== EXERCISE DATA ==
==*==
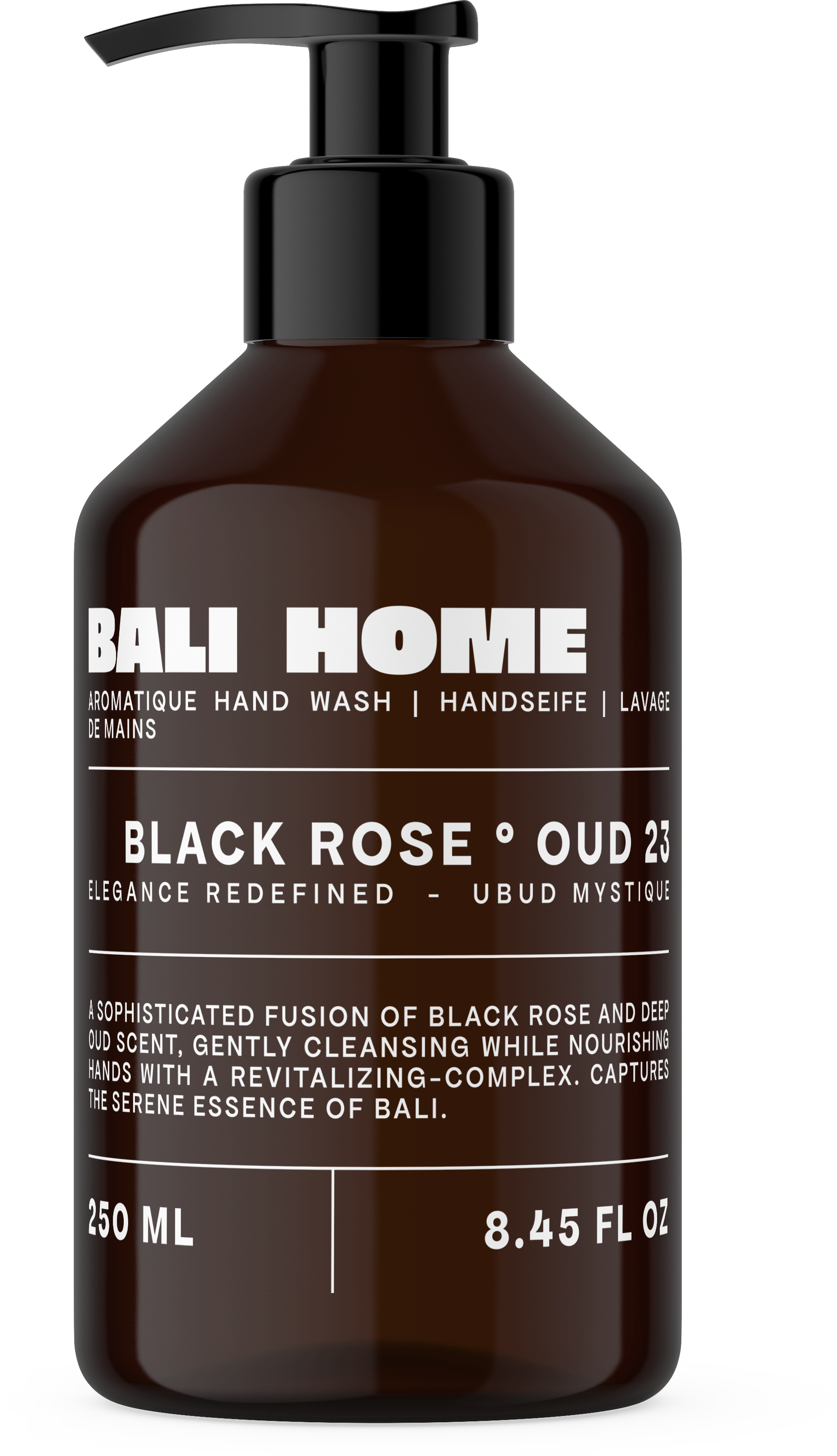 Eine verfeinerte Duftkomposition aus schwarzer Rose und tiefem Oud verwandelt das alltägliche Händewaschen in einen Moment stillen Luxus, inspiriert von den Zwielichtgärten und der Ruhe Balis. Die elegante Mischung entfaltet einen warmen, geheimnisvollen Duft. Mit einem revitalisierenden Pflegekomplex formuliert, reinigt die Seife sanft und pflegt deine Hände, sodass sie weich und glatt erscheinen.
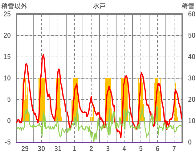 | 日 | 時 | 気温 | 降水 | 風向/風速 | 日照 | 積雪 | 降雪 |
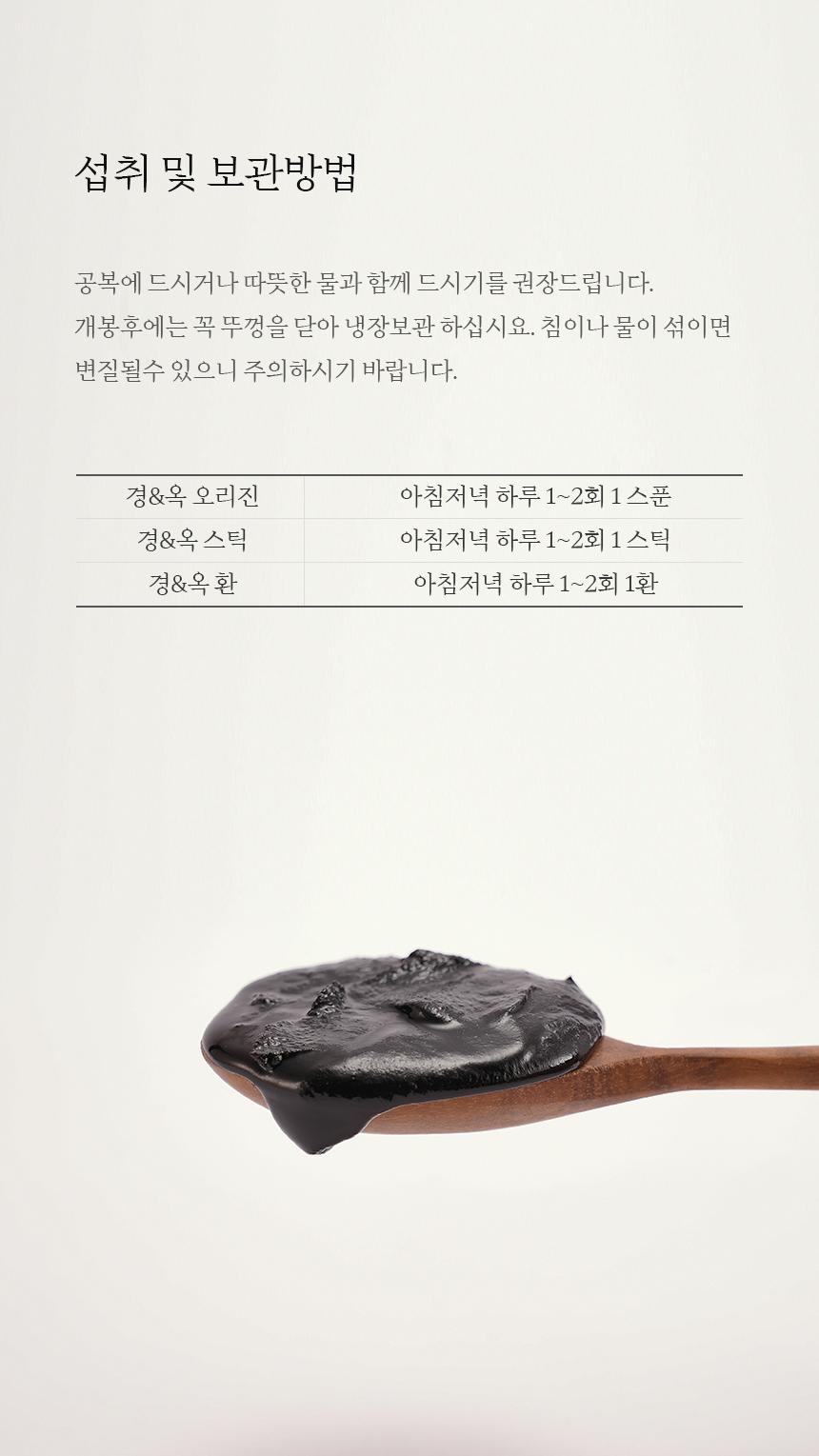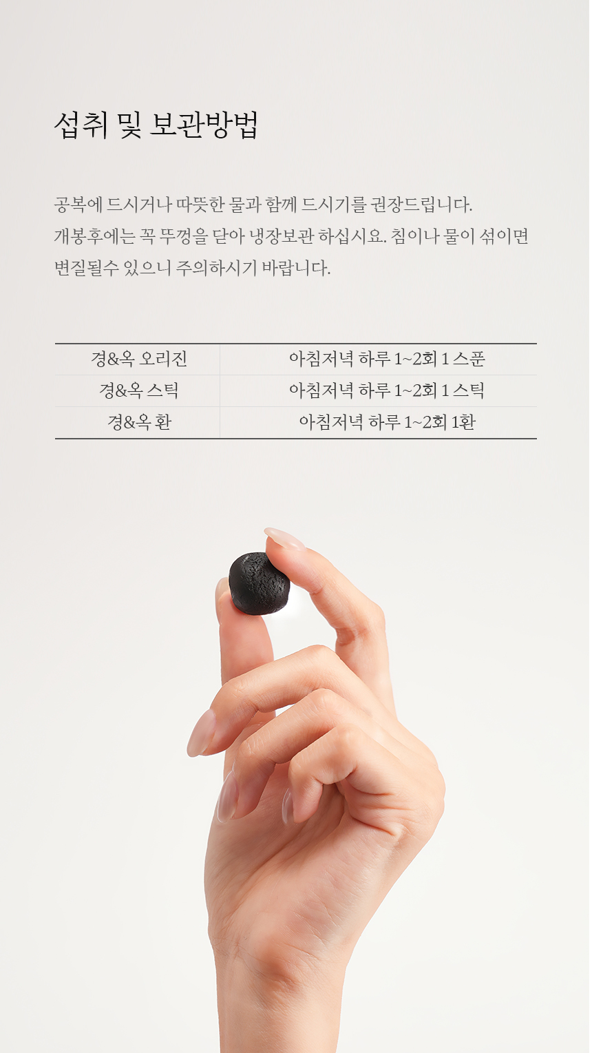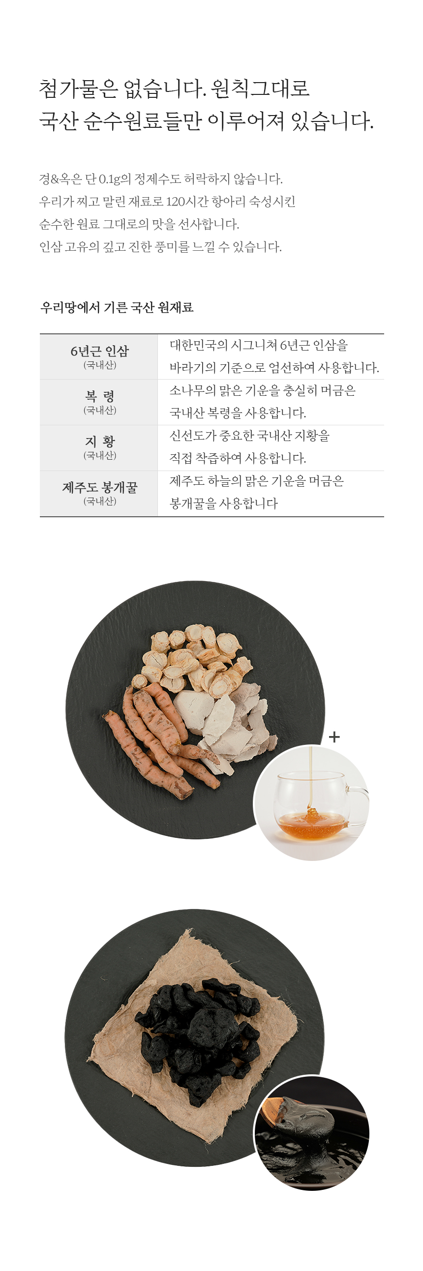 우리 땅에서 기른 국산 원재료(국내산 6년근 인삼, 복령, 지황, 제주도 봉개꿀)로 만든 경 & 옥입니다.
==*==
From the line containing "日照 | 積雪 | 降雪 |" to the last line of the material, every line is to be reproduced exactly. No picture belongs in the copy.

 | 日 | 時 | 気温 | 降水 | 風向/風速 | 日照 | 積雪 | 降雪 |
 우리 땅에서 기른 국산 원재료(국내산 6년근 인삼, 복령, 지황, 제주도 봉개꿀)로 만든 경 & 옥입니다.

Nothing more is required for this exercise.